Talking to The Register, he explained that in 2019 SingleStore had launched the first version of the SingleStore database to support both data structures – row store and column store – in a single table type in the database. "Why that matters is you just create table and you get the benefits of OLTP and OLAP together with the data structure and the tiered storage automatically," he said.
SingleStore counts Uber, Kellogg's, and engineering giant GE among its customers. The company was founded in 2011 as MemSQL by former Facebook and Microsoft engineers Adam Prout (CTO) and Nikita Shamgunov, who remains on the board but is also CEO of Neon, which supports serverless Postgres. The first product was an in-memory transactional database bearing the same name, released in 2013.
Ravita said that in 2014 SingleStore began working on an in-memory row store and an on-disk column store with tiered storage, "meaning transactions hit memory first and then they roll off to disk storage."
Part of the reason was to regain control over the proliferation of database categories which have populated the modern stack as it creaks under the scale of global internet-based applications.
"We need a database for just searching text: Elastic Search. We need a database just for scaling read volumes: we use Redis. We need a database just for documents, catalogs, and tweets: we use MongoDB or Couchbase document. The problem with that is that now if you have a modern SaaS application, underneath that you have a complex collection of databases. In a way, you've accidentally stumbled into creating your own distributed database out of these other databases and now you are a database designer by accident," Ravita said.

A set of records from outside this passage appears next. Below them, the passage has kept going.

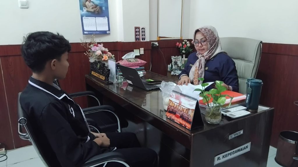 Sekretaris PTUN Makassar Ibu Sri Muliati, S.Sos.,MH. Menerima Siswa Magang SMKN 2 Jeneponto sebanyak 1 orang yang akan melaksanan kegiatan selama Bulan September sampai dengan Bulan November 2025 dengan Nama Indrha Re. Malik Kelas XII Teknik Jaringan Komputer dan Telekomunikasi
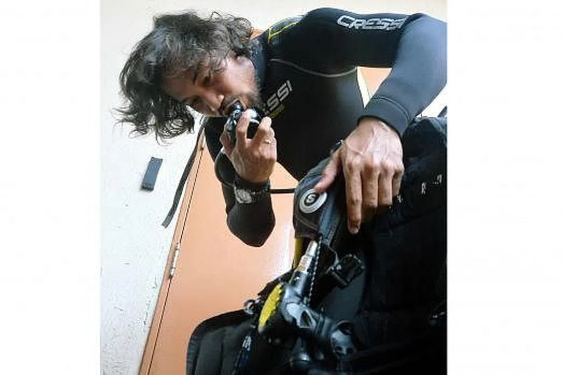 PERIKSA PERALATAN: Encik Salleh memeriksa tangki oksigen sebelum menyelam. -
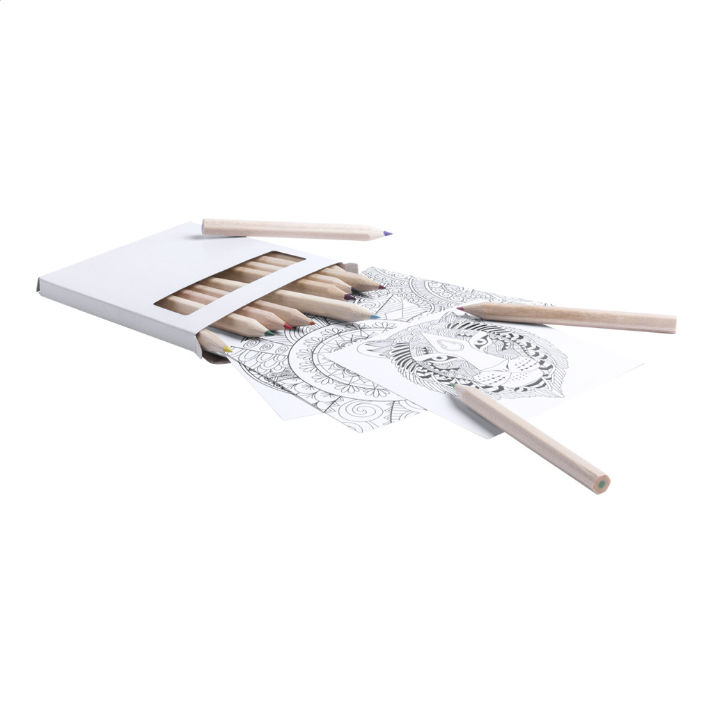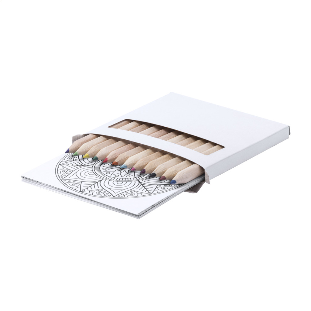 Mandala színező szett 12 színes ceruzával és 12 ív mandala dizájnnal.
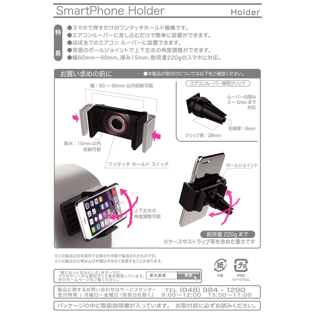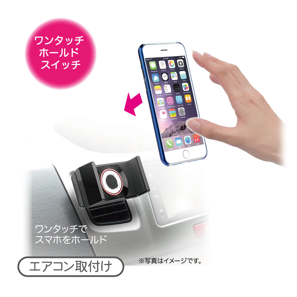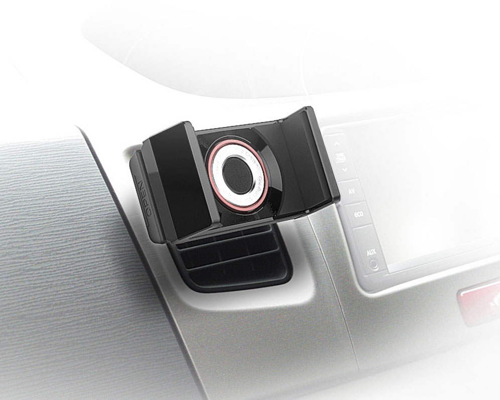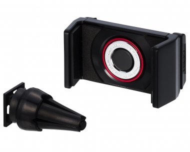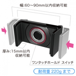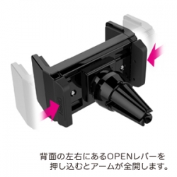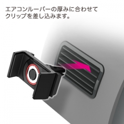 | This vehicle smartphone mount uses a specialized clip to attach to A/C vent louvers. Simply press your phone into the mount, and the mount’s grips latch on to the device. Accommodates devices measuring 60mm to 90mm( 2.36 to 3.54 in ) wide and up to 15mm ( 0.59 in ) thick, and weighing no more than 220g( 7.76 oz ). |
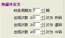 出现次数大于或等于3次的为019,出现次数大于或等于2的为2348,其余为的冷码:567,那么热温冷码断组分组就为
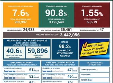 (Eagle News) – The Department of Health (DOH) reported 24,938 new Covid-19 cases on Monday, January 24, the third straight day that the country posted decreasing new virus cases. On Sunday, January 23, new virus cases hit 29,828. On Saturday, January 22, new cases were 30,552, which were less than Friday’s (January 21) 32,744 new cases. There were also more Covid-19 new recoveries than new cases on Monday. New recoveries hit 35,461; this is […]
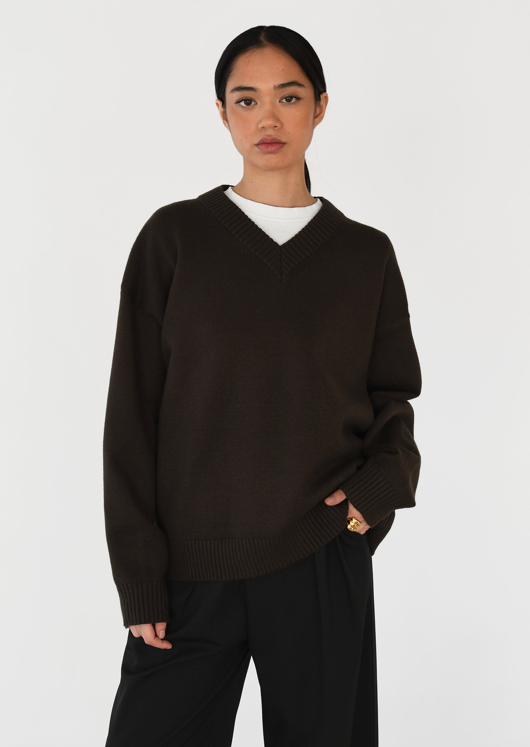 V-neck knit sweater

SingleStore's approach to supporting both transactional and analytics workloads on a single data store is now called Universal Storage and it was awarded a US patent in July 2021.
Ravita said that, regarding its patent, the company would take a wait-and-see approach to Snowflake's Unistore.
"It's not very clear, and [Unistore] is not available yet. We're waiting to see what's next there. We've invested more than eight years in our technology and our patent was awarded last year, so we'll see. But our first response is: welcome to the party and may the best database win."
Snowflake has declined the opportunity to take part in this article.
The appeal of using a single database for different workloads is not just in the simplicity of the design and support. There is also an economic driver, particularly with the advent of cloud computing where users can end up paying for data movement, storage, and processing, said Ravita.
The point is supported by GigaOM. The research firm's field test showed SingleStoreDB offered a 50 percent saving over three years compared to Snowflake-MySQL stack and a 60 percent saving over the same period compared to AWS Redshift-PostgreSQL stack. Meanwhile, its TPC-H workloads were 100 percent faster than Redshift.
Regardless of performance, SingleStore is not the only company making claims about doing analytics from a transactional database. For example, MongoDB column store indexing for its document database to help developers build analytical queries into their applications.
Oracle has its Heatwave product for MySQL, which, running on Oracle Cloud Infrastructure, helps customers run analytics on transactional applications without having to export data to a specialist analytics system such as Teradata, Snowflake, or AWS Redshift.
Meanwhile, SAP has talked about real-time analytics since 2011, and bases its concept around its in-memory database HANA, which supports the latest iteration of SAP's enterprise applications.
Ravita said that SAP HANA moved data "under the covers" between data storage types with the database architecture. That movement, he said, is "in the path of the hot transactions."
"As far as we know, we are the only production database used by customers on the planet that unifies transactions and analytics in a single storage type."
A SAP spokesman said: "We don't move data between 'stores,' creating multiple copies of data. We have one source/copy of data that is optimally stored for transactional and analytical performance which is what matters."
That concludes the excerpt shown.